С полным основанием можно сказать, что суверенитет государства - это цельное универсальное правовое
понятие, которое отражает согласованный интерес государств строить взаимоотношения, исходя из принципа
суверенитета, который получил подтверждение в соответствующих международных и внутригосударственных
правовых актах.
Говоря о юридической природе суверенитета, логично вспомнить правовые меры по его защите, хотя они
и не отличаются системностью. Так, многие решения Конституционного Суда РФ направлены на защиту
суверенитета или связаны с ним. То же самое следует сказать об отраслевом законодательстве,
предусматривающим ответственность за различные правонарушения. Есть основание предположить,
что их родовая принадлежность определена недостаточно точно. Таких статей, например,
в Уголовном кодексе, набирается более семнадцати.
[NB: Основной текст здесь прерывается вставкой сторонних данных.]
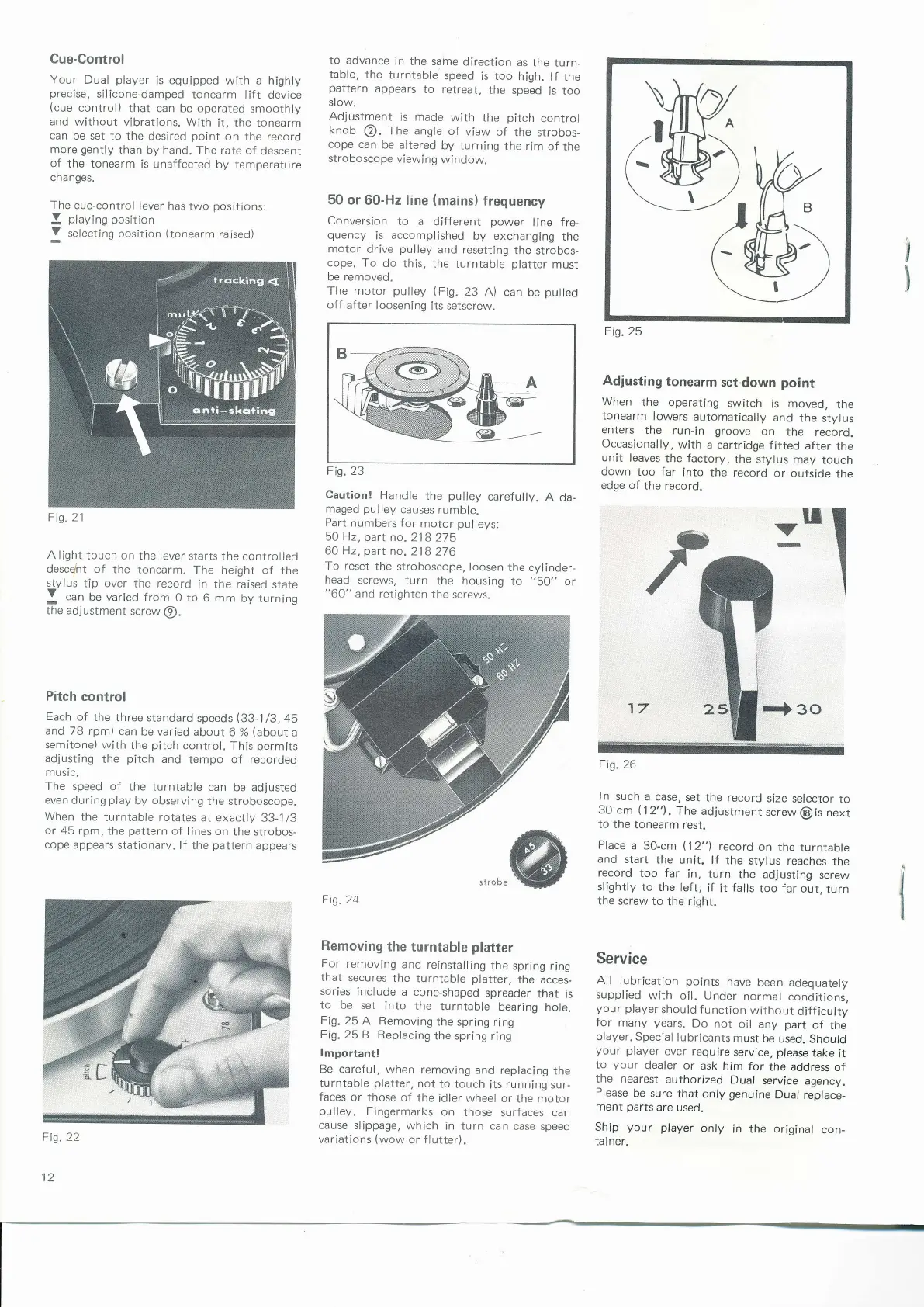 Dual 1229 - Cue-Control Operation; Pitch Control for Speed Adjustment; Frequency Conversion (50;60 Hz); Adjusting Tonearm Set-Down Point
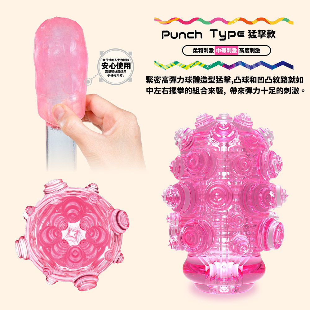 緊密高彈力球體造形猛擊,凸球和凹凸紋就如左右擺拳的組合來襲,帶來彈力十足的刺激。
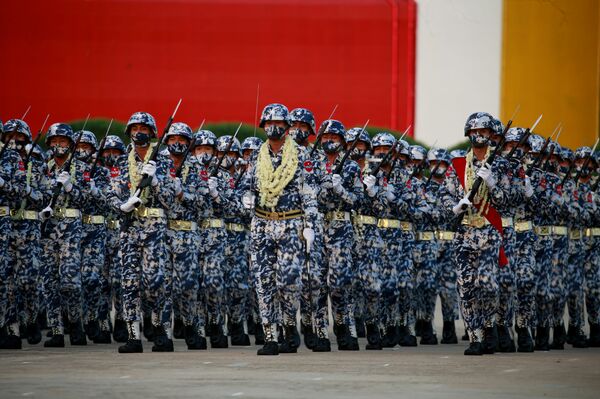 昨年3月27日、ミャンマーの首都ネピドーで開催された国軍記念日の軍事パレードで行進する兵士たち(写真:新華社/アフロ)

Для убедительности, рассмотри отдельные из них.
Так, ст. 322 "Незаконное пересечение Государственной границы Российской Федерации" и
ст.323 "Противоправное изменение Государственной границы Российской Федерации" отнесены
к главе 32 "Преступления против порядка управления". Однако нам представляется, что лица,
совершившие подобные деяния, покушаются не столько на управление, сколько на суверенитет.
То же самое можно сказать и о ст. 278 "Нсильственный захват власти или насильственное удержание
власти", ст 279 "Вооруженный мятеж", ст.353 "Планирование, подготовка, развязывание или ведение
агрессивной войны" и др.
Даже выборочный анализ норм конституционного, уголовного и административного законодательства дает
основания, чтобы говорить о необходимости пересмотра родовой принадлежности отдельных правонарушений
и отнесении их к правонарушениям против государственного суверенитета, а следовательно, и о
необходимости предусмотреть, по крайней мере, в Уголовном кодексе главу с таким названием.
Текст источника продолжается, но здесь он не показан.